Non-profit publishing imprint

Columbia Global Reports (CGR) is a non-profit publishing imprint founded in 2015 by Columbia University and led by Nicholas Lemann, the emeritus dean of Columbia's journalism school. Created as part of a wider globalization initiative, it is affiliated with Columbia's Committee on Global Thought.

The project was announced in February, 2014. Lemann started the ramp up to production that June by hiring veteran book publicist Camille McDuffie and former Daily Beast editor Jimmy So. Branding and design were done by Strick and Williams, who designed the logo so that "circles evolve through three stages of rotation, referencing the ever-changing nature of our planet."

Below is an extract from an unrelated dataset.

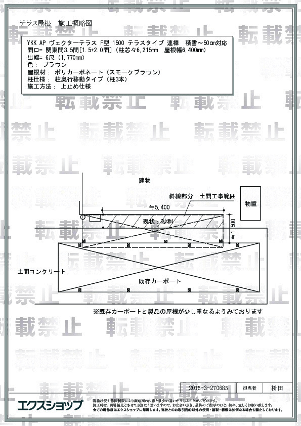 | サイズ | 屋根幅 6,400mm 出幅 1,770mm |

The first book published by CGR was Shaky Ground: The Strange Saga of the U.S. Mortgage Giants, whose author Bethany McLean had previously written the 2003 expose of Enron The Smartest Guys in the Room. The Washington Post selected Shaky Ground as one of the best nonfiction books of 2015. Other notable authors with books published by CGR include Helen Epstein, Adam Kirsch, Clay Shirky, and Tim Wu.

Its mission is to produce "four to six ambitious works of journalism and analysis a year" on global issues, with each novella-length book available as paperback or e-book. The Columbia Journalism Review describes CGR's business model as "somewhere between a magazine and book publisher," saying, "Unlike most traditional book publishers (but like high-end magazines), Columbia Global Reports fact checks, pays writers’ expenses, and has a total production time, from signed contract to store shelves, that’s measured in months, not years."

CGR has experimented with social media, including hosting a podcast by Nicholas Lemann and participating in Instagram. In 2018, CGR was a finalist in the Shorty Awards for "Social Good," in the category of "News and Media."

According to Publishers Weekly, CGR gets most of its income from consumer sales (its books are distributed by Publishers Group West) but would not break even without support from Columbia and from foundations.